Last modified on 04-Jun-22.
This article will take about 2 minutes to read.
Coroutines are experimental in kotlin 1.1+
This means that they are currently stable, but the syntax for them might change.
They are enabled via the library kotlinx.coroutines
, so they are not coupled together with the language
But what are they?
Threads
- The operating system determines when to switch threads according to its scheduler (an OS kernal algorithm)
- Since the operating system has no insight in to the current state of the program, it has to interrupt, which causes an expensive context switch.
- This involves saving unrelated context in memory, so the thread can guarantee it will resume correctly.
Coroutines:
- the programming and programming language determine when teo switch coroutines
- the tasks are cooperatively multitasked by pausing and resuming functions at set points, typically (but not necessarily) within a single thread.
Why should we use coroutines?
- User can define context in which code block runs (UI Thread)
- Kotlin features make defining a coroutine easy - they are launched by a coroutine builder
- sunchronous code does not necessarily have to change to be made async
- Performance gains via developer defined context switching are huge
- Tiny memory footprint - kilobytes instead of megabytes
- Easy to use keywords:
yield
and suspend
- Callback hell can be flattened into intuitive code
- Coroutines introduce the concept of yield and suspend
- yield will suspend the current execution of the coroutine, allowing - another coroutine to take over.
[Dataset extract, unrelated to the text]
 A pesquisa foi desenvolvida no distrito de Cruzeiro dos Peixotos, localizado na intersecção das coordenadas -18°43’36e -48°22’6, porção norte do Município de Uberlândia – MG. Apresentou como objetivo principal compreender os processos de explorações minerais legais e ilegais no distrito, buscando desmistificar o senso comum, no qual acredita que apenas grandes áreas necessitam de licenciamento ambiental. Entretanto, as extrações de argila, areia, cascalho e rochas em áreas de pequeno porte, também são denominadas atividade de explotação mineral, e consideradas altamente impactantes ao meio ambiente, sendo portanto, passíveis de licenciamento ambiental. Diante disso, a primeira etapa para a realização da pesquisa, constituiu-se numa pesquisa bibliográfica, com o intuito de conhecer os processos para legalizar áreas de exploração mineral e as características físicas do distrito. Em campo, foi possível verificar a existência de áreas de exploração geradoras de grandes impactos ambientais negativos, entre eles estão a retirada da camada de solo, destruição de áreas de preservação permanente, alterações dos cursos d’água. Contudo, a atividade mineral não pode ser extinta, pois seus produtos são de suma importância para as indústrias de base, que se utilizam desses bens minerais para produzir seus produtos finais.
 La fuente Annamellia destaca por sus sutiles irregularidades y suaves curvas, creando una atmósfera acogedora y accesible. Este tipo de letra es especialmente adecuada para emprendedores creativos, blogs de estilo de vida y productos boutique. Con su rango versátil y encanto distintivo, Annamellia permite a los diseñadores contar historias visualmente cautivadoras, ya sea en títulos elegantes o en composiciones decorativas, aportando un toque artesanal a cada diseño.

- only suspend functions are allowed to yield and eb launched via coroutine builders
- It allows us to program asynchronously with code that looks synchronous
// kotlin 1.1
val fibinacciSeq = buildSequence {
var a = 0
var b = 0
yield(1)
while(true) {
yield(a + b)
a = b.also { b = a + b }
}
}
Currently there are only 2 coroutine builders in kotlin-stdlib
- buildSequence
- buildIterator
Other coroutine builders include
launch()
launch(UI)
runBlocking()
we can always define custom coroutine builders via functional kotlin language constructs.